6(1)–(3). Dispatch centers not operated by the Patrol are not subject to these requirements. See id. r. 71-600-4(3) (“If the dispatch center is operated or maintained by [the Patrol], the dispatch center shall determine which tow truck motor carrier to contact according to . . . this rule.” (emphasis added)). Plaintiffs are two tow-truck companies (and their owners) primarily serving Millard County, Utah. ECF 33 (“Complaint”), at 6. For at least 15 years, they have qualified for and participated in the rotation program of the county dispatch center, which is operated by the Millard County Sheriff’s Office. Id. at 6, 9. Plaintiffs allege that from 2017 to 2023, Patrol troopers were in cahoots with the Millard County Sheriff’s Office to bypass the rotation list and refer towing jobs preferentially to Plaintiffs’

competitor, Dearden. Id. at 11–12. For example, Patrol troopers allegedly encouraged motorists to contact Dearden directly, and the Sheriff’s Office allegedly referred far more assignments to Dearden than to Plaintiffs. Id. at 12–14. To remedy these purported violations, Plaintiffs sued two sets of defendants in state court. The first set consists of the State of Utah; the Director of the Utah Department of Public Safety (Jess Anderson); and four Patrol troopers (Greg Kelsey, Jeff Rowell, Trevor Atkins, and Jared Higgs) (collectively, “State Defendants”). The second consists of Millard County, acting through the Millard County Sheriff’s Office; and the Millard County Sheriff (Richard Jacobsen) (collectively, “Millard County Defendants”). Plaintiffs claim violations of the towing rotation and 3 breach of implied contract (first claim); failure to train and supervise stemming from federal due- process violations (second claim); violations of Utah’s state constitution (third claim); and violations of the Takings Clause and Due Process Clause of the Fifth Amendment to the U.S. Constitution and Due Process Clause and Equal Protection Clause of the Fourteenth Amendment

(fourth claim). Complaint at 6–7, 18–26. Plaintiffs seek compensatory and punitive damages arising from these alleged violations. (They invoke § 1983 to seek damages for the alleged violations of federal law.) State Defendants removed the case to federal court under 28 U.S.C. § 1441 and moved to dismiss the Complaint under Rule 12(b)(6) of the Federal Rules of Civil Procedure for failure to state a claim. They argue (among other theories) that Plaintiffs have not shown a constitutionally protected property interest in towing fees under the rotation, that State Defendants in their official capacities are not suable entities under § 1983, and that State Defendants enjoy qualified immunity in their personal capacities. Millard County Defendants make similar arguments in their motion for judgment on the pleadings under Rule 12(c).

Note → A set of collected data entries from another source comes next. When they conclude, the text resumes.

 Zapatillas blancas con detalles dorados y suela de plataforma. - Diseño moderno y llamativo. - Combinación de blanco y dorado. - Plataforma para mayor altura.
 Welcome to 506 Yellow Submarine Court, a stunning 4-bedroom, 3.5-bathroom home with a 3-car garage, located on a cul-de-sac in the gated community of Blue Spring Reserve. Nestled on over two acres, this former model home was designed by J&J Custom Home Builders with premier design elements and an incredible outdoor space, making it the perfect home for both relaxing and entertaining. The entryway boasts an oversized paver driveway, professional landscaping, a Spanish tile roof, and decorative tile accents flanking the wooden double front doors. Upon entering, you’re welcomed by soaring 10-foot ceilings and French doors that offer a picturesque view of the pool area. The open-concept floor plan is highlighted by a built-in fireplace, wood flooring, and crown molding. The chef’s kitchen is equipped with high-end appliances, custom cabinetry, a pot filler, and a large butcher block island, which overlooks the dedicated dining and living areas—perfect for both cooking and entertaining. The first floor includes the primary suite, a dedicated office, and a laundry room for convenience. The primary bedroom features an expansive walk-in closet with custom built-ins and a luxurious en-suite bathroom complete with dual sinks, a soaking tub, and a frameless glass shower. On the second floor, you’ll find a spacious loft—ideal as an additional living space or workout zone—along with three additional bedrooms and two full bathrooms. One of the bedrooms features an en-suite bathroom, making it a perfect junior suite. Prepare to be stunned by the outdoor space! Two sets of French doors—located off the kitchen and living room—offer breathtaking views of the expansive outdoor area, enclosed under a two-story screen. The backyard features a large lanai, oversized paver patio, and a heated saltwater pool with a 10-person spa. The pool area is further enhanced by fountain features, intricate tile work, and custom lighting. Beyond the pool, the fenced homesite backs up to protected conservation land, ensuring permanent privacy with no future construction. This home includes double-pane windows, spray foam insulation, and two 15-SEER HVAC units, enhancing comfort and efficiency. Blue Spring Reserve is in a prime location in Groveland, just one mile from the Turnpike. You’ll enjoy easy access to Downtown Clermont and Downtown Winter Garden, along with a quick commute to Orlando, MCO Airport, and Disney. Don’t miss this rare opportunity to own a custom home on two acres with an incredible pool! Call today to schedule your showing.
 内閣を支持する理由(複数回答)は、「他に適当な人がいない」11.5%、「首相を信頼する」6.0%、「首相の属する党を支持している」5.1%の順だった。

DISCUSSION In evaluating a motion to dismiss under Rule 12(b)(6), the court’s role “is not to weigh potential evidence that the parties might present at trial, but to assess whether the plaintiff’s complaint alone is legally sufficient to state a claim for which relief may be granted.” Miller v. Glanz, 948 F.2d 1562, 1565 (10th Cir. 1991). A motion for judgment on the pleadings under Rule 12(c) is functionally equivalent to a motion to dismiss and is therefore evaluated under the same standard. Estate of Stevens ex rel. Collins v. Bd. of Comm’rs, 53 F. Supp. 3d 1368, 1372 (D.N.M. 2014).